#### SOURCE DATA ####

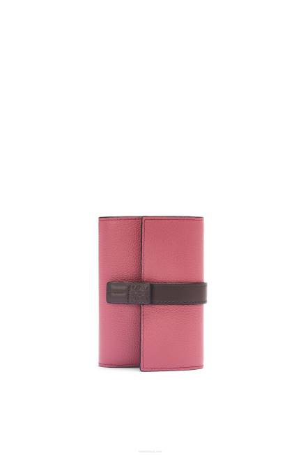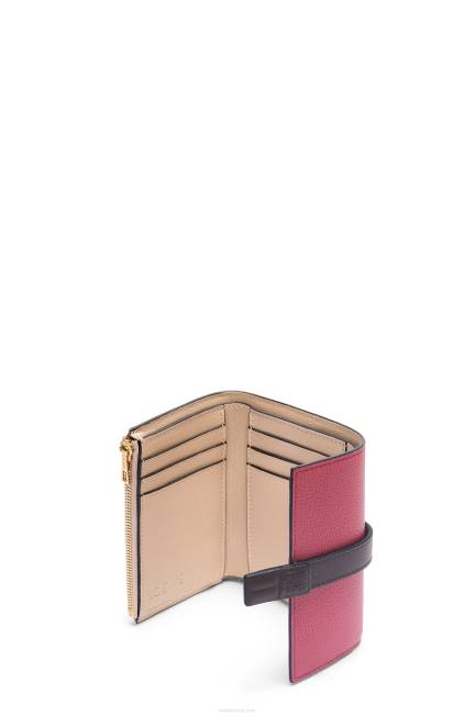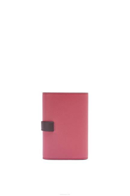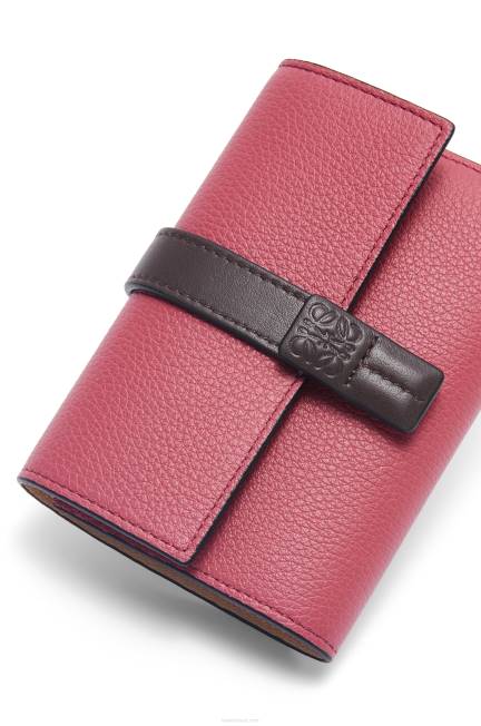 ameixa/chocolate 80ZJ1243 mulheres carteira vertical pequena em couro de bezerro granulado macio Loewe
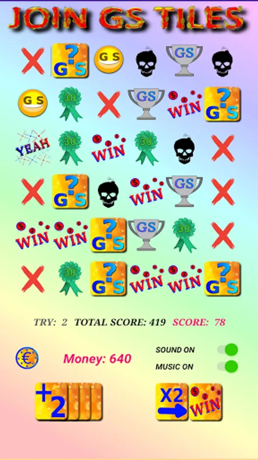 Try your luck while avoiding the bombs. You will have 36 boxes, 18 possibilities, 2 types of bonuses, so play your game well to collect as many pairs as possible and climb the leaderboard. The accumulated score will allow you to get coins to use for bonuses, prepare your strategy.
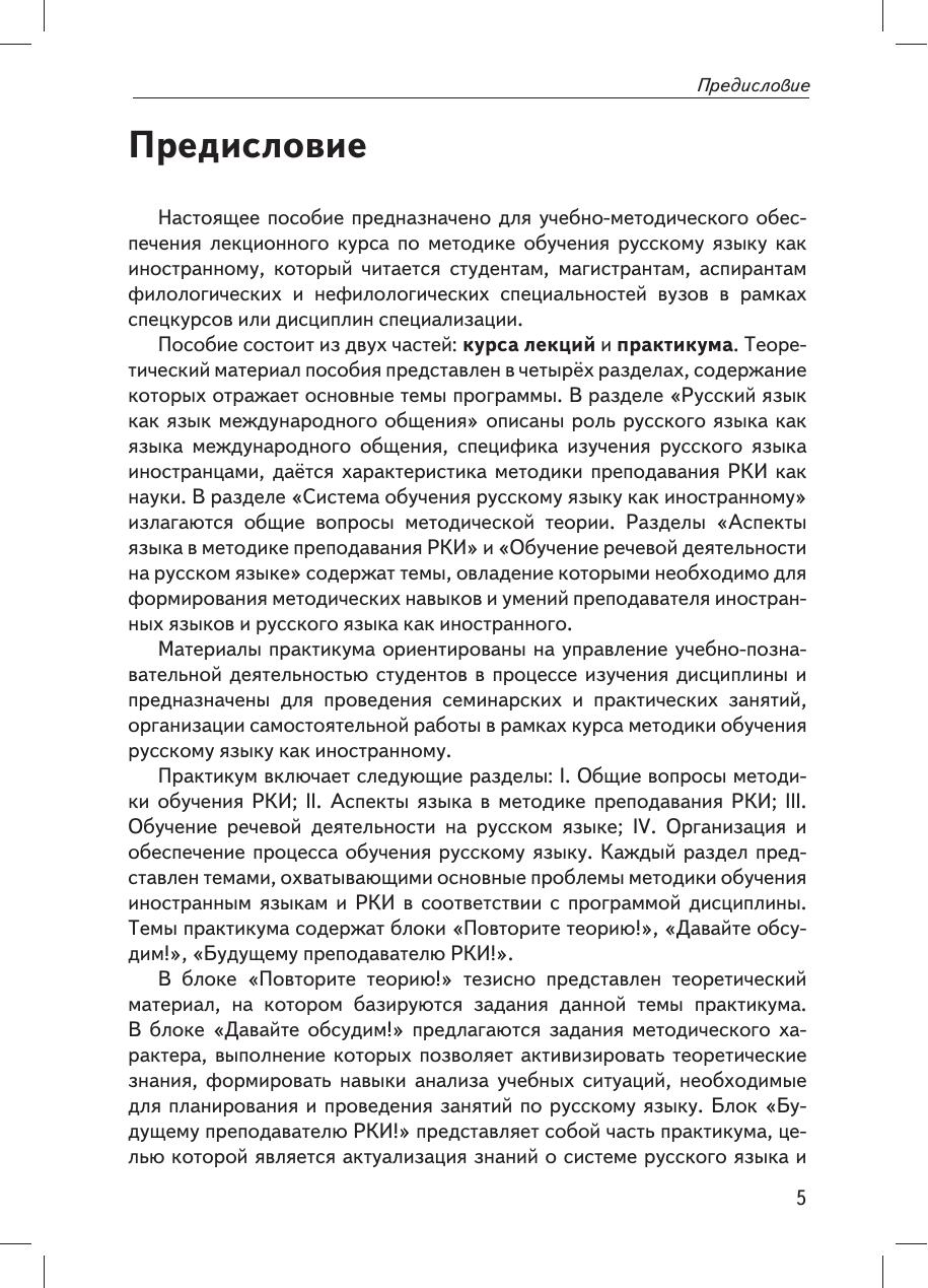 В учебном пособии рассматриваются общие вопросы преподавания русского языка как иностранного, методика обучения языковым аспектам и видам речевой деятельности. Лингвистические, научно-методические и учебно-методические материалы пособия направлены на совершенствование коммуникативной компетенции, формирование методических навыков и развитие методических умений будущих преподавателей. Учебное пособие предназначено для студентов, магистрантов, аспирантов филологических специальностей, в том числе и иностранных.

####

- WORK INSTRUCTION -
Print the listing word for word, but omit the pictures.

- EXERCISE RESULT -
 ameixa/chocolate 80ZJ1243 mulheres carteira vertical pequena em couro de bezerro granulado macio Loewe
 Try your luck while avoiding the bombs. You will have 36 boxes, 18 possibilities, 2 types of bonuses, so play your game well to collect as many pairs as possible and climb the leaderboard. The accumulated score will allow you to get coins to use for bonuses, prepare your strategy.
 В учебном пособии рассматриваются общие вопросы преподавания русского языка как иностранного, методика обучения языковым аспектам и видам речевой деятельности. Лингвистические, научно-методические и учебно-методические материалы пособия направлены на совершенствование коммуникативной компетенции, формирование методических навыков и развитие методических умений будущих преподавателей. Учебное пособие предназначено для студентов, магистрантов, аспирантов филологических специальностей, в том числе и иностранных.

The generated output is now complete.